13. Supervised and Unsupervised Learning

Thus far in the course, we have been conducting supervised machine learning, where labels associated with the data is provided and used to correct the algorithm during a training phase. Unsupervised learning does not include real labels or a testing phase. Unsupervised learning is performed by looking at the data and trying to find patterns within the data. These are known as "self-discovering" algorithms. Unsupervised models require precise and accurate setup to model the structure and similarities within the data. Two primary examples of unsupervised learning are clustering, or identifying patters in data items, and principal component analysis - also known as autoencoding or latent factor analysis - is where you seek to identify the latent factors that drive data.

13.1. Clustering Algorithms

Clustering algorithms look within the data to determine commanalities within the data which can be used to group similar data items logically. To perform clustering on huge or complex datasets, we seek to represent attributes as numbers. This could be a product ID to represent a sale item on a website, height, weight, and age to represent people. The number of attributes defines the number of axis needed to plot each datapoint; i.e. for n attributes, you will need an n-dimensional hypercube. Clustering these numerical representations into similar groups for similar attributes and different groups for attributes which are dissimilar. Then the distances between two points in the n-dimensional space can represent the relative similarity or dissimilarity between those points.
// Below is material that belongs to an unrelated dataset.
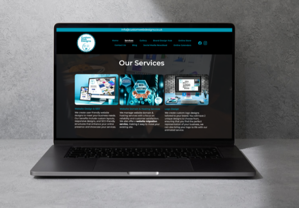 At Custom Web Designs, we specialise in bespoke websites and branded content that elevate your business. From logo designs to video reels, business cards (design only), and scroll-stopping digital leaflets, we craft assets that connect, convert, and endure. We also provide complete website services — from domain registration to secure, high-performance hosting.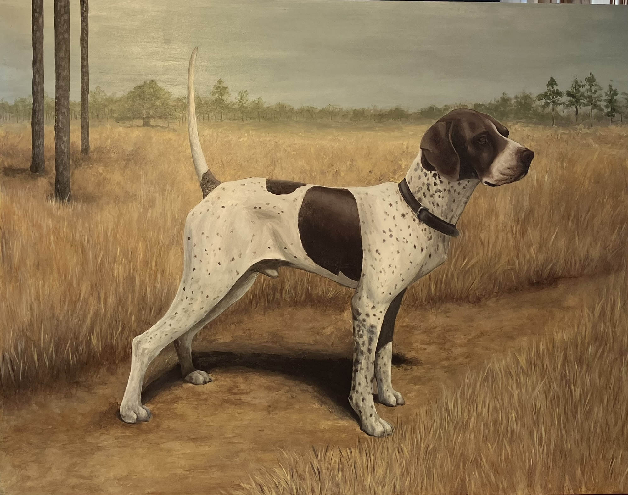 I grew up in a home where art and music were always present, it still is. The mediums I work in are acylics, watercolor, and leather (frequently with loomed beading). My subject matter is animal portraits (dogs and horses), wildlife, and flowers.

The goal of clustering is to minimize inter-cluster similiarity (similarity between two clusters), and maximize intra-cluster similiarity (similiarity between points in the same group).

13.1.1. K-Means Clustering

Many clustering algorithms for grouping data exist. K-Means clustering is a popular example of a clustering algorithm. The objective of K-Means clustering is to determine k number of clusters for n number of data points and optimize the total reconstruction error. This is performed by assigning each cluster a centroid and computing the distance between each point to it's centroid. The mean of these distances is then computed, and the centroid is then moved to the position of this mean. Distances are then computed between each point and all centroids in order to facilitate points moving to a closer centroid. This process is then repeated iteratively until points no longer move to another cluster which indicates a convergent model. These centroids, also known as reference vectors, are then indicative of every data point within the cluster.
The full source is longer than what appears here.